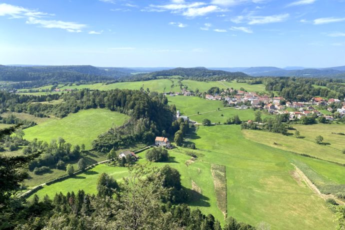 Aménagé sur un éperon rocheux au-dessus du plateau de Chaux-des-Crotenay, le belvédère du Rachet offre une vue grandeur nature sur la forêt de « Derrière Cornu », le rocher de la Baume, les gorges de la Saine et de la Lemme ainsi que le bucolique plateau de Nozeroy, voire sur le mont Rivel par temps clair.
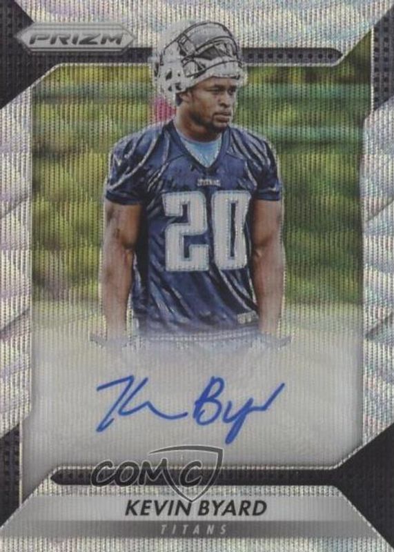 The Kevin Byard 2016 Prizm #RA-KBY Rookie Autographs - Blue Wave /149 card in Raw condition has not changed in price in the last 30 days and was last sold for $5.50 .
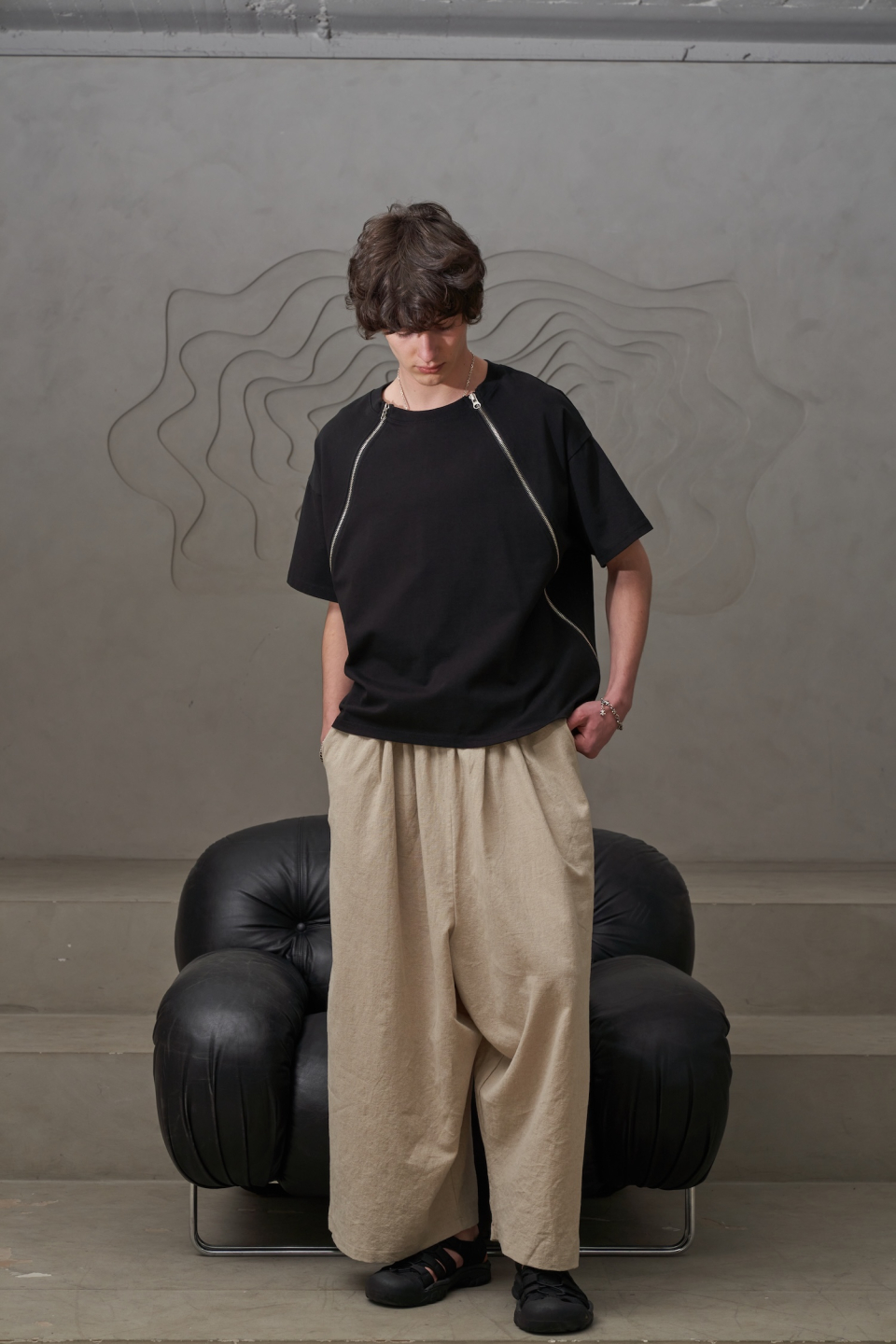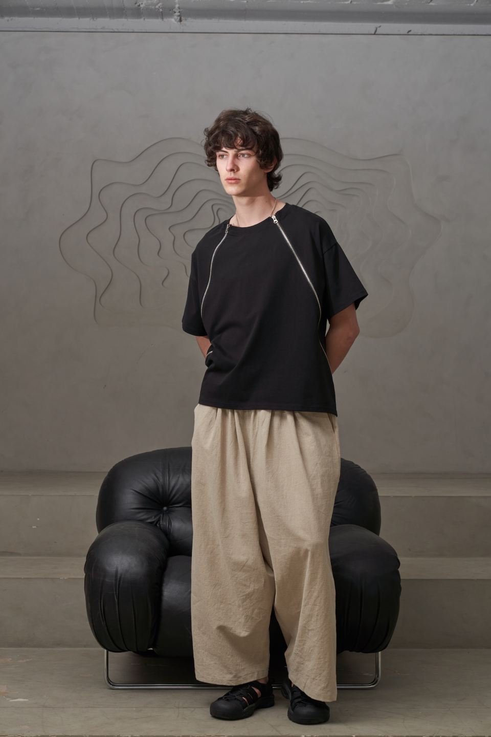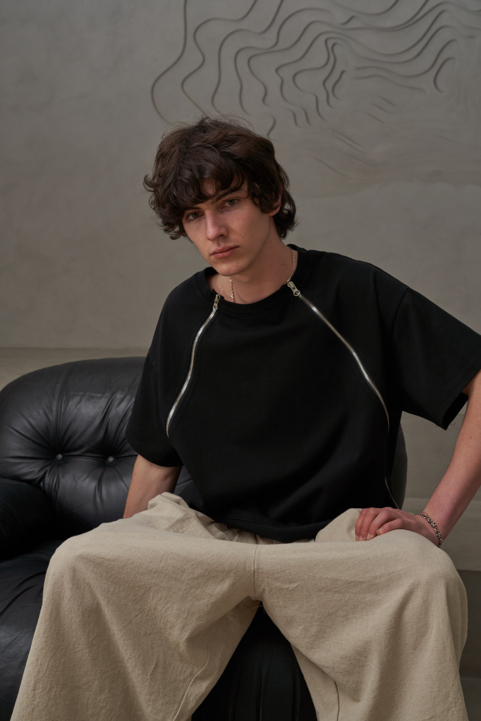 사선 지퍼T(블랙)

* * *

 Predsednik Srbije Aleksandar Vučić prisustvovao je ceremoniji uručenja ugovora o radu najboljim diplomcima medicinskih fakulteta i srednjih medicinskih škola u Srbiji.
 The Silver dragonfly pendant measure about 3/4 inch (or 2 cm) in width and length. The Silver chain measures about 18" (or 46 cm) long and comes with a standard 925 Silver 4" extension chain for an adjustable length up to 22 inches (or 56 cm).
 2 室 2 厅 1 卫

* * *

[Exercise objective]:
Within the data above, the lines from the one with "The Silver dragonfly" to the one with "2 室 2 厅 1 卫" must be repeated exactly; no other line belongs in the answer.

[Response to this task]:
 The Silver dragonfly pendant measure about 3/4 inch (or 2 cm) in width and length. The Silver chain measures about 18" (or 46 cm) long and comes with a standard 925 Silver 4" extension chain for an adjustable length up to 22 inches (or 56 cm).
 2 室 2 厅 1 卫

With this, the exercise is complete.